Je peux dire ici que je n’ai pas fait du profit en tant que
tel. Mais je n’ai pas roulé à perte non plus comme le premier. Parce que j’ai
pu régler toutes les dépenses liées au lancement cette fois-ci. Et là où cet
album m’a réellement profité, c’est les divers spectacles sur lesquels je suis
sollicité. Et pour ça, je remercie Dieu et les Béninois. J’avoue que les gens
ont vraiment acheté cet album et je leur suis vraiment reconnaissant.
Préparez-vous déjà le
troisième album ?
Je le cuisine déjà. C’est d’ailleurs presque prêt.
(Il entonne un morceau
phare de ce nouvel album qui parait encore très prometteur. Une chanson qui se
révèle comme un véritable dopage pour tous ceux qui continuent de se battre
malgré les embûches dressées sur leur
chemin par les détracteurs).
Le titre de cet album est intitulé "Hla
yangbodogbé" (la panthère a chassé
le mouton hors du bois).
Quelle est l’histoire
de cette chanson ?
Vous voyez ? Le morceau "agbèhwidé zéhwé" a
fait l’objet de toutes les polémiques. Des gens sont allés jusqu’à dire que je l’ai chanté
contre certaines personnes. C’est pour aider ceux-là à abandonner cette
façon de voir les choses que j’ai fait ce nouveau morceau. Au-delà de ça, ce
morceau s’adresse aussi à ceux qui m’en veulent maintenant parce que Sèwlan est
devenu populaire de par ses chansons. Je leur fais comprendre que quand je
trimais avec mon métier de ferrailleur, ils ne trouvaient rien à dire sur moi.

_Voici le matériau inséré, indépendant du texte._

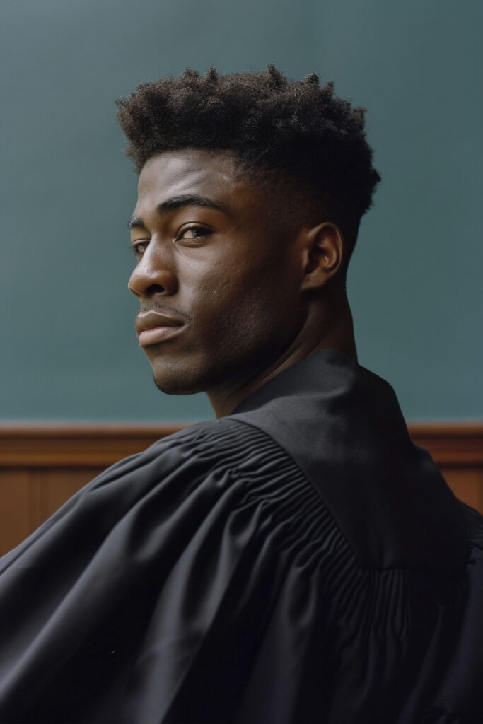 A mid-length textured afro brings volume and shape, working especially well with defined curls. The afro fade haircut for men keeps things sharp, fading tight at the sides and back for contrast. An edge up hairstyle with natural curls lines up the forehead and temples, adding structure. Styling? Just curl cream and fingers — quick, clean, and full of character.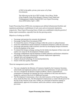 Export Processing Zones (EPZs) are designated industrial estates established by governments to promote exports by providing tax incentives and streamlined regulations. EPZs aim to attract foreign investment by offering a duty-free environment for production and export. India first established EPZs in the 1970s to boost exports and employment. EPZs offer benefits like developed infrastructure, tax exemptions, and customs clearance facilities. A three-tier management system oversees their functioning. EPZs allow import/procurement of raw materials, capital goods, and office equipment duty-free to enable export production at low cost.

Je leur ai conseillé sur ce morceau afin qu’ils arrêtent de m’en vouloir et de
me jalouser. Car, moi, mon souci, c’est
comment faire pour que mon ne disparaisse point de ce bas monde. Je viens de
vous raconter l’histoire du morceau "agbèhwidé zéhwé". Qu’est-ce que
ça a à avoir avec toutes ces polémiques qui ont cours maintenant ? Je
pense que rien.
Il y en a même qui ont
dit que ce morceau "agbèhwidé zéhwé" était destiné à l’artiste GG
Lapino. Qu’en dites-vous ?
Le Béninois est comme
ça. Quand il sait que quelque-chose pouvait constituer pour toi du poison et te
tuer, il fera tout pour te le faire boire. Je n’ai jamais eu à rencontrer
Lapino si ce n’est pas lors du lancement de son dernier album pour lequel il
m’a invité par l’intermédiaire d’une autre personne, étant donné que lui-même
ne me connaissait pas. Et pourtant, on a raconté que j’ai chanté pour l’égratigner. C’était,
sur l’émission week-end matin de l’Ortb qu’on s’est rencontré pour la première
fois pour parler de son lancement. Et voilà ce qu’on raconte sur nous. C’est le
propre du Béninois.
Parlez-nous un peu de
votre troisième album en préparation
Cet album dont je viens de vous fredonner une des chansons,
sera constitué de plusieurs titres. Je ne saurais vous dire exactement le
nombre de titres maintenant, étant donné que cela n’est pas encore totalement
calé. Je prévois le lancer encore vers la fin du mois de novembre comme j’en ai
l’habitude . J’avais prévu le lancer pendant les vacances, mais faute de
moyens, je n’ai pas pu.
Vous avez décroché le
trophée du Concours national des vainqueurs des artistes du Bénin (Conavab
2016). Comment vous vous en êtes pris ?
Je dirai tout simplement que ça, c’est l’œuvre de Dieu. Je
saisis cette opportunité pour remercier du fond du cœur, les animateurs de
radio, les auditeurs et tout le public béninois qui ont beaucoup contribué à la
promotion de cet album qui a fini par me permettre de remporter ce prix. Tout l’honneur de ce prix leur revient.
Si vous vous trouviez
aujourd’hui devant Dieu qui vous demande de lui exprimer vos vœux chers afin qu’il vous aide à les réaliser, qu’allez- vous dire ?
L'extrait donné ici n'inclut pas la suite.